§ **THE PROBLEM**: Using the listing below, copy exactly each line from the one that has "- Portmonetka damska" through the one that has "V (BM) (BR)"; omit the pictures.

§ **RECORDS**:
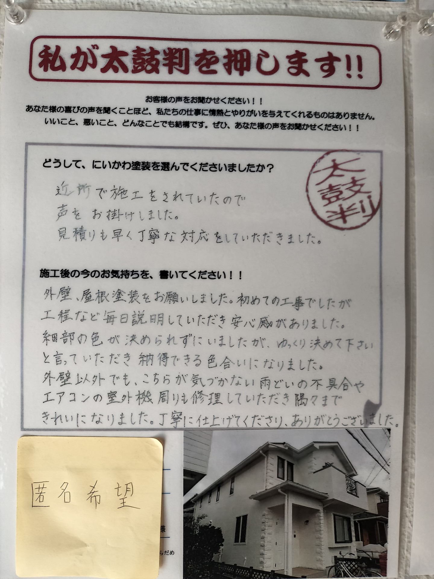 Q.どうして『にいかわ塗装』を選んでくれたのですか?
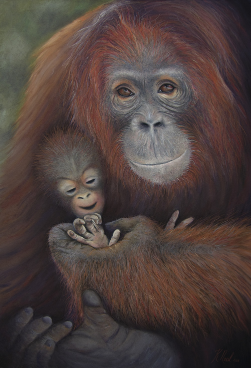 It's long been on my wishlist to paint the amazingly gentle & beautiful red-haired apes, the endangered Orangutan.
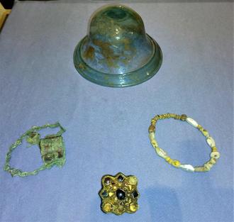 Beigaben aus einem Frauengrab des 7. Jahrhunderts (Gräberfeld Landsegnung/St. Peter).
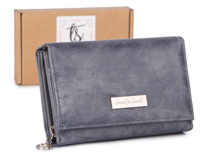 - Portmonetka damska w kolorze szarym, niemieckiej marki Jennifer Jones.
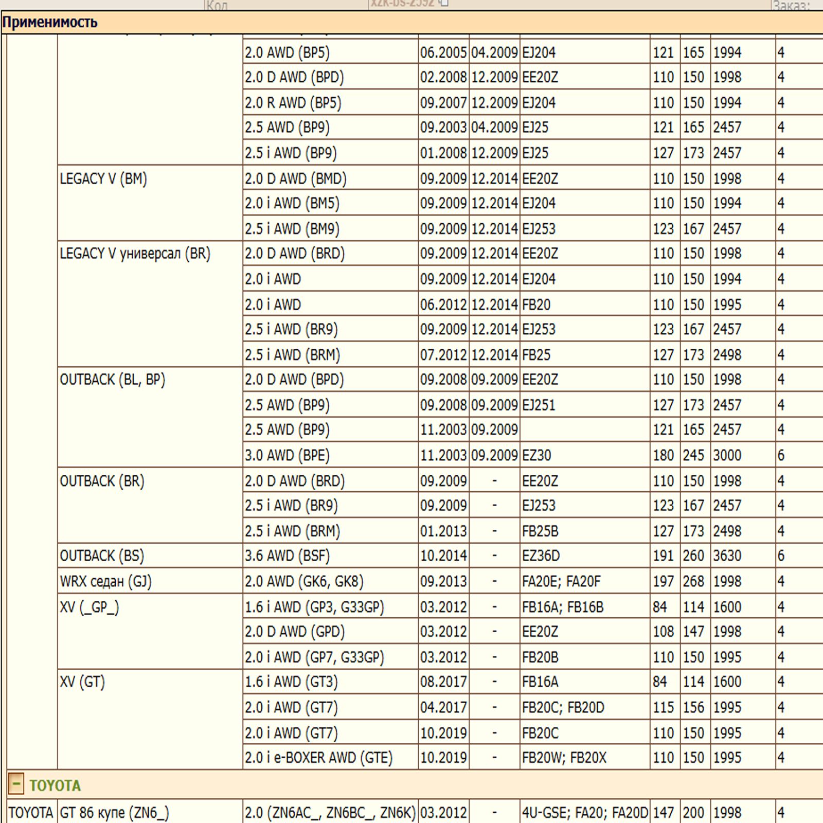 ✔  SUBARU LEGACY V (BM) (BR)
--
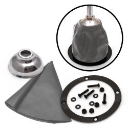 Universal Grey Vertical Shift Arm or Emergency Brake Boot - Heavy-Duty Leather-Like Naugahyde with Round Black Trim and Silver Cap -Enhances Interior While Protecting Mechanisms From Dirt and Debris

§ **REPLY TO THE TASK**:
 - Portmonetka damska w kolorze szarym, niemieckiej marki Jennifer Jones.
 ✔  SUBARU LEGACY V (BM) (BR)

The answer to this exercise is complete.